What you have to do – Only the lines from the one containing "Cumhuriyet halk partisi" through the last line of the material should be copied, exactly as written and without pictures.
****************
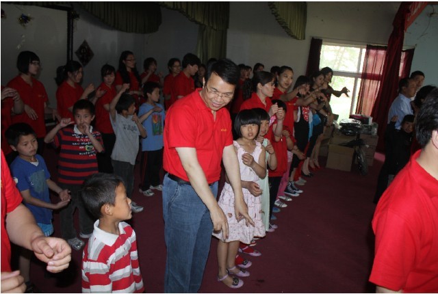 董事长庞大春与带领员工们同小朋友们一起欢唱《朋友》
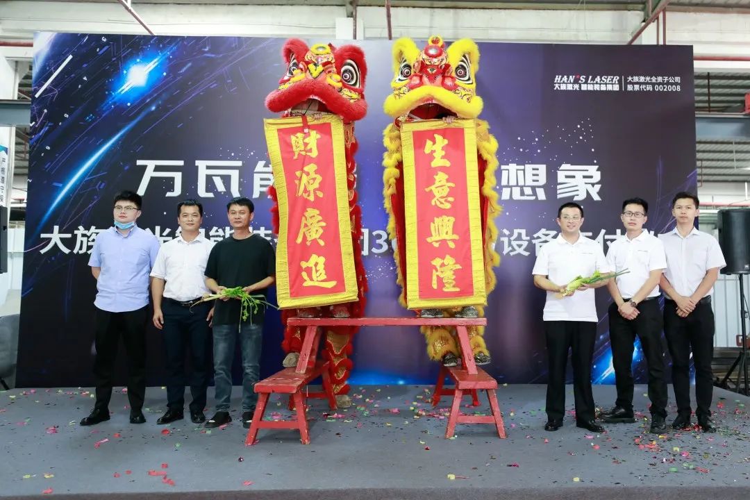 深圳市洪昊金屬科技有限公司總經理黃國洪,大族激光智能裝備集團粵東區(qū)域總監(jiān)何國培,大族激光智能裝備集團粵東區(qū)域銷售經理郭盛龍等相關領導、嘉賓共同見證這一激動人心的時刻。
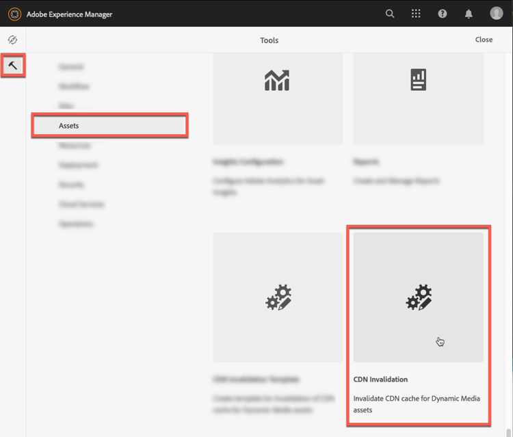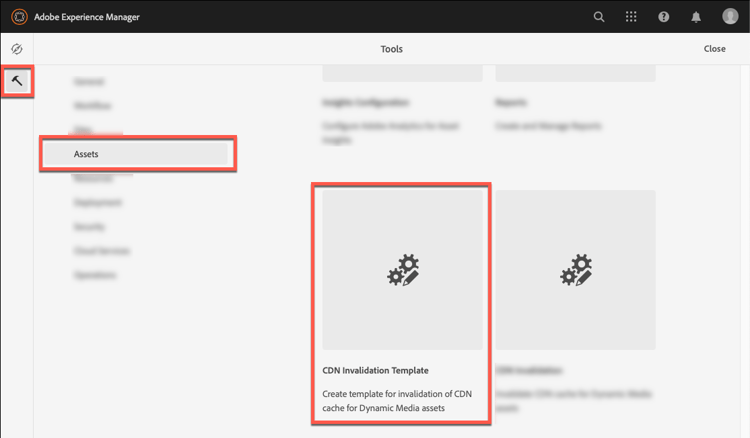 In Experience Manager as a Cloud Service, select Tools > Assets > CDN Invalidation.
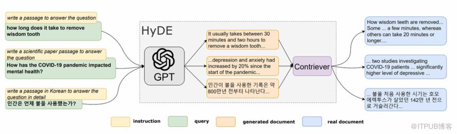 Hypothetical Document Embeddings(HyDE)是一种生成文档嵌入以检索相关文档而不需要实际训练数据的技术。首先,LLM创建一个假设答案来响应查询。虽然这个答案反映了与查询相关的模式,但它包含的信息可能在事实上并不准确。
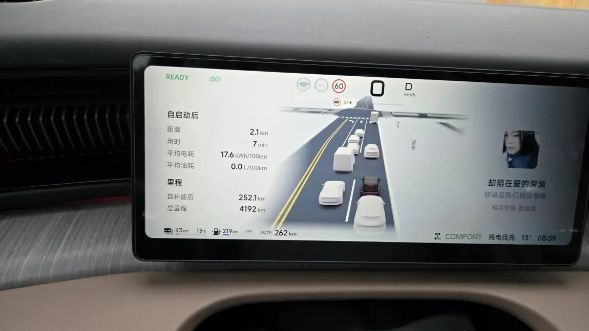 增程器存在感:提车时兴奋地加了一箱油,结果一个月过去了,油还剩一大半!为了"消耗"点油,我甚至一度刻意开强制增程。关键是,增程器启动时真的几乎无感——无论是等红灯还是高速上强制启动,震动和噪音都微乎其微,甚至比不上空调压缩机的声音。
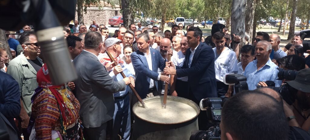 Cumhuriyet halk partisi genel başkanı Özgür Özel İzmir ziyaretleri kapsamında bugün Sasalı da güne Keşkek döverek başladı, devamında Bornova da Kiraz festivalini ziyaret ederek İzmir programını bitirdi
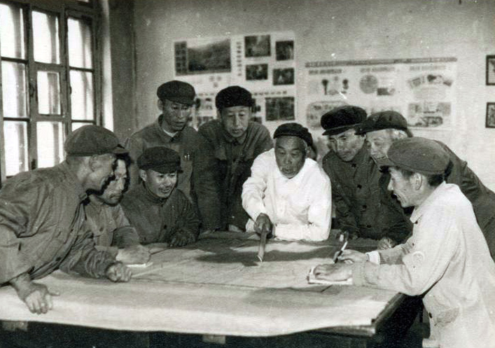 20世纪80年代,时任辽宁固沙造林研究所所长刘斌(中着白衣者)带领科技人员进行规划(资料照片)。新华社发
****************
Answer box –
 Cumhuriyet halk partisi genel başkanı Özgür Özel İzmir ziyaretleri kapsamında bugün Sasalı da güne Keşkek döverek başladı, devamında Bornova da Kiraz festivalini ziyaret ederek İzmir programını bitirdi
 20世纪80年代,时任辽宁固沙造林研究所所长刘斌(中着白衣者)带领科技人员进行规划(资料照片)。新华社发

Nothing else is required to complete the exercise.